Here's the next civil war, brought to you by Johnnie Crookran and his band of tobacco litigationists:
US lawyers to sue for slavery reparations thetimes.co.uk FROM LAURA PEEK IN WASHINGTON A TEAM of lawyers led by a Harvard professor is preparing to sue the US Government and surviving businesses that profited from slavery. “We will be seeking more than just monetary compensation,” Charles Ogletree, leader of the Reparations Assessment Group, said. “We want a change in America. We want full recognition, and a remedy, of how slavery stigmatised, raped, murdered and exploited millions of Africans through no fault of their own.”
The group includes Johnnie Cochran, who defended O.J. Simpson; Alexander Pires Jr, who won a $1 billion settlement for black farmers who claimed discrimination by the US Department of Agriculture; and Richard Scruggs, who won a $368 billion dollar settlement for states against tobacco companies.
Their efforts are just one part of a growing lobby for reparations to be paid to black Americans descended from slaves. At least ten cities, including Chicago, Detroit and Washington, have passed resolutions in the past two years urging federal hearings into the impact of slavery. Later this month a new California law will require insurance companies to disclose any policies they held covering losses incurred by slave-owners when slaves died.
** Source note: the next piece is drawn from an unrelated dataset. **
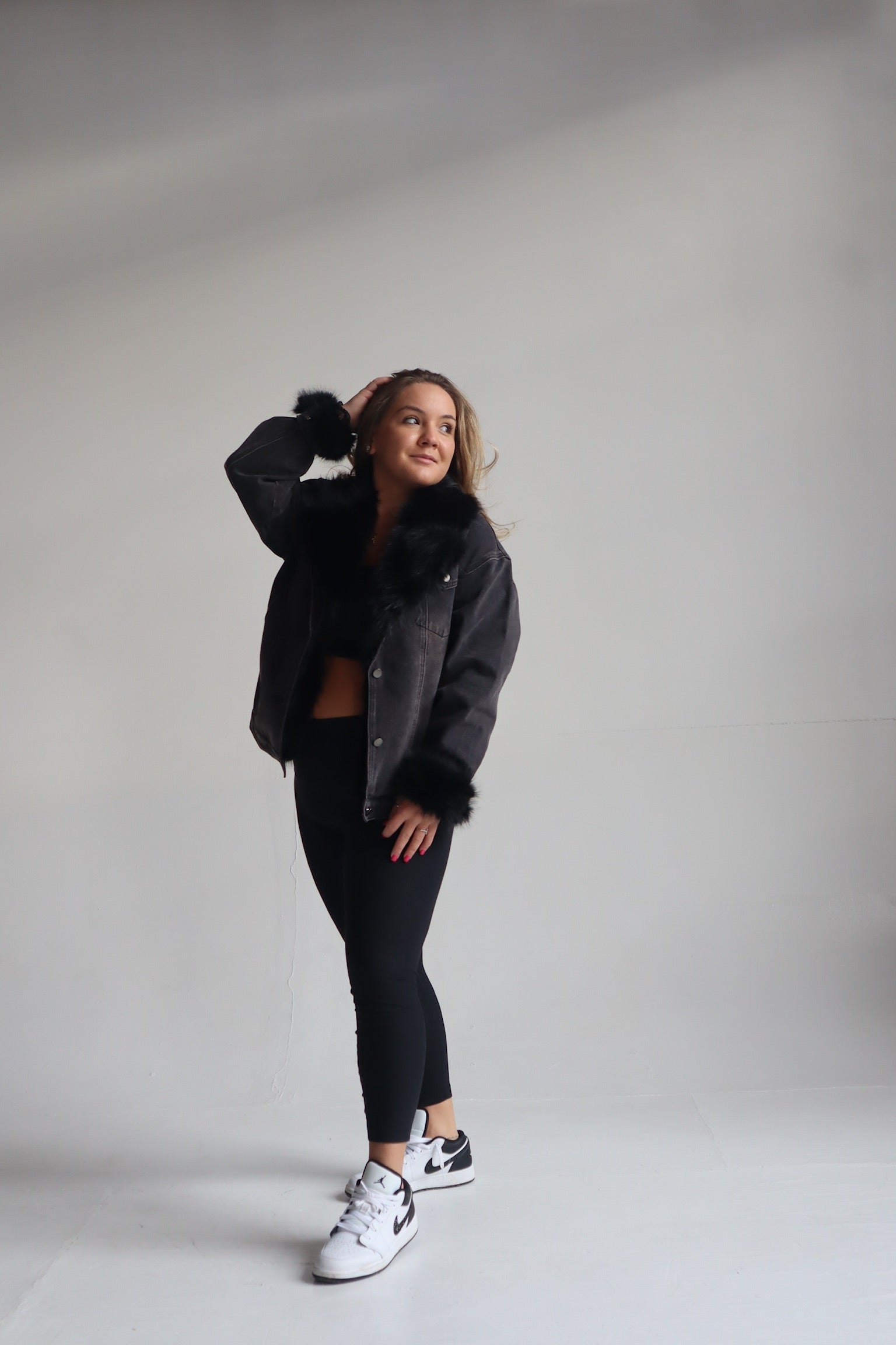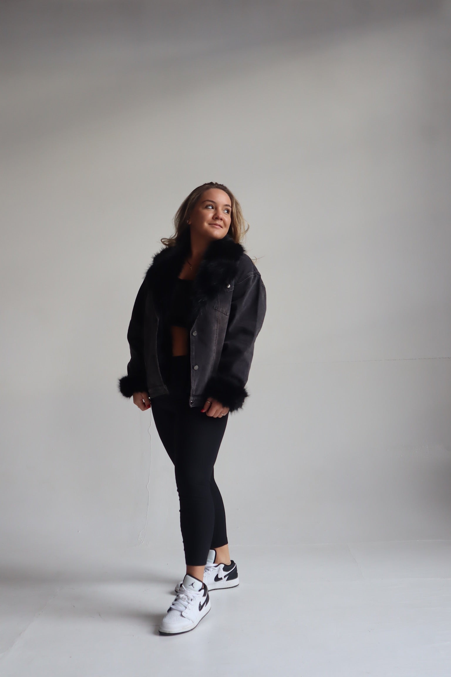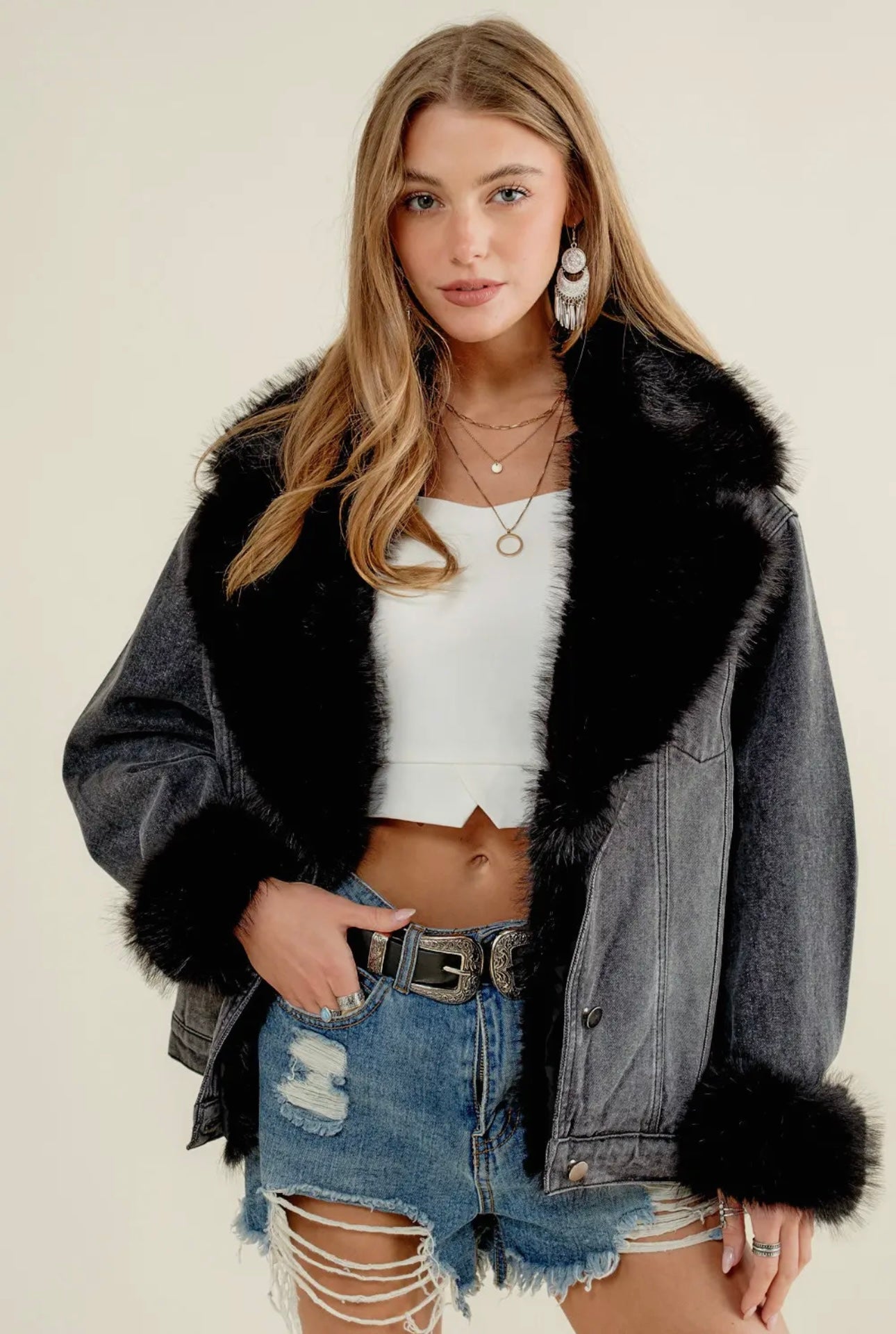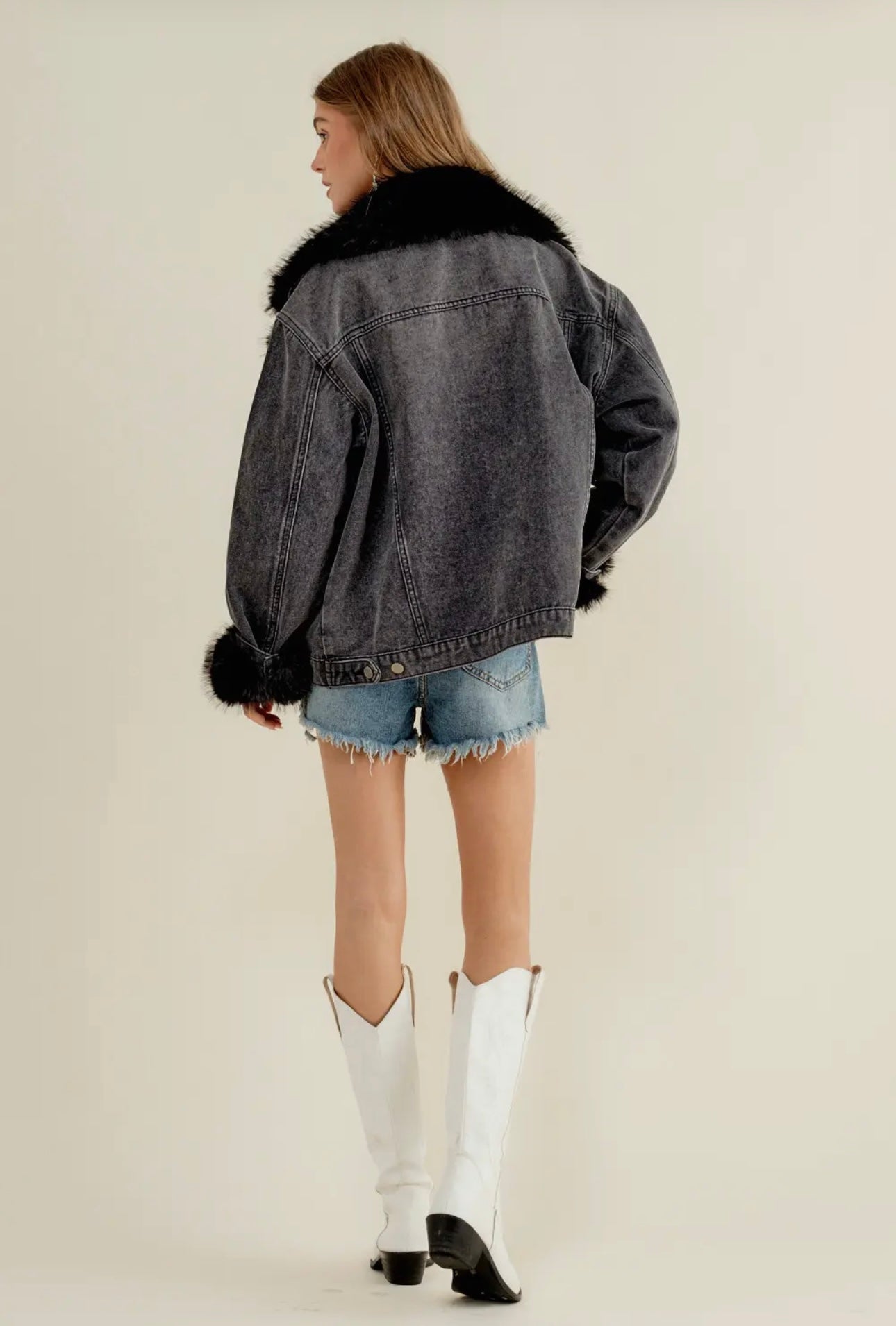 Fur collared cuff over sized washed denim jacket

The state has also commissioned a team of academics to research the history of slavery and report how current California businesses benefited from it.
A local newspaper in Connecticut recently published a front-page apology for the profits it had made from advertisements for the sale of slaves.
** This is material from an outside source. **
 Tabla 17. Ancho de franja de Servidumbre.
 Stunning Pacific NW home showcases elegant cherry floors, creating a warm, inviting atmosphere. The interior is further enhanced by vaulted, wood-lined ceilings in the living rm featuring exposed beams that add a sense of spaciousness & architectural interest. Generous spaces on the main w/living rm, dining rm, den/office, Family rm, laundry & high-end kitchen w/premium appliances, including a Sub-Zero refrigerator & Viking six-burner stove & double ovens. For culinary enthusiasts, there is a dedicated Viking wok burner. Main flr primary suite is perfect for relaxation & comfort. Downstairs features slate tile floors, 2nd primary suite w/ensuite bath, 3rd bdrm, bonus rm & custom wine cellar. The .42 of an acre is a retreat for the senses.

“There is a lot more happening around this issue now than ever,” said a spokesman for the Democratic congressman John Conyers Jr, of Michigan, the most senior black member of the House of Representatives. “This used to be talked about only in isolated, black nationalist meetings. That is not the case anymore.”
Since 1989 Mr Conyers has sponsored legislation urging an official study of slavery and its impact. Campaigners point to the precedents set by reparation payments to American Indians and to Japanese-Americans held in internment camps during the war and the fact that Holocaust survivors will receive settlements from Germany and Switzerland.
Many campaigners argue that until reparations are awarded, the wounds of more than 240 years of slavery in America will never heal. *********************
I hope they opt to sue the african tribes who conquered and sold those slaves to whites, in addition to the Muslim slave traders.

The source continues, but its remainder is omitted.